Alex Ergasti, Tomaso Fontanini, Claudio Ferrari, Massimo Bertozzi, Andrea Prati
Text-based person search (TBPS) is a problem that gained significant interest within the research community. The task is that of retrieving one or more images of a specific individual based on a textual description. The multi-modal nature of the task requires learning representations that bridge text and image data within a shared latent space. Existing TBPS systems face two major challenges. One is defined as inter-identity noise that is due to the inherent vagueness and imprecision of text descriptions and it indicates how descriptions of visual attributes can be generally associated to different people; the other is the intra-identity variations, which are all those nuisances e.g. pose, illumination, that can alter the visual appearance of the same textual attributes for a given subject. To address these issues, this paper presents a novel TBPS architecture named MARS (Mae-Attribute-Relation-Sensitive), which enhances current state-of-the-art models by introducing two key components: a Visual Reconstruction Loss and an Attribute Loss. The former employs a Masked AutoEncoder trained to reconstruct randomly masked image patches with the aid of the textual description. In doing so the model is encouraged to learn more expressive representations and textual-visual relations in the latent space. The Attribute Loss, instead, balances the contribution of different types of attributes, defined as adjective-noun chunks of text. This loss ensures that every attribute is taken into consideration in the person retrieval process. Extensive experiments on three commonly used datasets, namely CUHK-PEDES, ICFG-PEDES, and RSTPReid, report performance improvements, with significant gains in the mean Average Precision (mAP) metric w.r.t. the current state of the art.

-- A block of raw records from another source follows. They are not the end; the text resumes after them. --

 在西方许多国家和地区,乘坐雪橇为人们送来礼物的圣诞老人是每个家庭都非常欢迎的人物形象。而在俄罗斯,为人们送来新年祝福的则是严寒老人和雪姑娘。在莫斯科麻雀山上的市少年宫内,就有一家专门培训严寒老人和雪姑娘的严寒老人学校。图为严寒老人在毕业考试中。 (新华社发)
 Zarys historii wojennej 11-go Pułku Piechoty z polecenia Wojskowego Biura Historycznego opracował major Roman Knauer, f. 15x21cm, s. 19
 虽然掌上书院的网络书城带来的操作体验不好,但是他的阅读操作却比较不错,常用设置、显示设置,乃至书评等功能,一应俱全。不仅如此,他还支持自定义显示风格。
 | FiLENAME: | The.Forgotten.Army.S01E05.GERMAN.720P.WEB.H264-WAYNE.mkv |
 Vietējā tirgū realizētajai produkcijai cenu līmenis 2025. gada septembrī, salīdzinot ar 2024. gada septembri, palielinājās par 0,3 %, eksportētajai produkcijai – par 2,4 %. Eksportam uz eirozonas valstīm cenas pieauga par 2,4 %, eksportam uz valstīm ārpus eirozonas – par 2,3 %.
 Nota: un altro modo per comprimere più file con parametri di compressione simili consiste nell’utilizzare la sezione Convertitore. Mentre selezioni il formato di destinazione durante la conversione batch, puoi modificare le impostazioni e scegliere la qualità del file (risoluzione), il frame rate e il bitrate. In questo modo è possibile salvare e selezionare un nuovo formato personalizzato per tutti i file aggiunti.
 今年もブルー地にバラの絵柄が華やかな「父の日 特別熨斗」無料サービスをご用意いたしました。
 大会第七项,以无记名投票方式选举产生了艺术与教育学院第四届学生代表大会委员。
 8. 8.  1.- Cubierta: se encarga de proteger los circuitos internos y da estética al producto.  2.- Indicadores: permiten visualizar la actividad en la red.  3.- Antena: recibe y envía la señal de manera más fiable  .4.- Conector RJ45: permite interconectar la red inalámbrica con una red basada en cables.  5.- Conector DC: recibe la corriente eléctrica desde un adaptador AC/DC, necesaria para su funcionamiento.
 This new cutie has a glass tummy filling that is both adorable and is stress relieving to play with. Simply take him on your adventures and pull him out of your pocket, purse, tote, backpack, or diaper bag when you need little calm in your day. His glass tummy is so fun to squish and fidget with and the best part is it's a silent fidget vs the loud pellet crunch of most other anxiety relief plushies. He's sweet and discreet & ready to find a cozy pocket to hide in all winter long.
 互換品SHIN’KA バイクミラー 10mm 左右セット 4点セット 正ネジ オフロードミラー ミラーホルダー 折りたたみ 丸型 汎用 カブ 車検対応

| Task | Dataset | Metric | Value | Model |
|---|---|---|---|---|
| Text based Person Retrieval | CUHK-PEDES | R@1 | 77.62 | MARS |
| Text based Person Retrieval | CUHK-PEDES | R@10 | 94.27 | MARS |
| Text based Person Retrieval | CUHK-PEDES | R@5 | 90.63 | MARS |
| Text based Person Retrieval | CUHK-PEDES | mAP | 71.41 | MARS |
| Text based Person Retrieval | ICFG-PEDES | R@1 | 67.6 | MARS |
| Text based Person Retrieval | ICFG-PEDES | R@10 | 85.79 | MARS |
| Text based Person Retrieval | ICFG-PEDES | R@5 | 81.47 | MARS |
| Text based Person Retrieval | ICFG-PEDES | mAP | 44.93 | MARS |
| Text based Person Retrieval | RSTPReid | R@1 | 67.55 | MARS |
| Text based Person Retrieval | RSTPReid | R@10 | 91.35 | MARS |
| Text based Person Retrieval | RSTPReid | R@5 | 86.65 | MARS |
| Text based Person Retrieval | RSTPReid | mAP | 52.92 | MARS |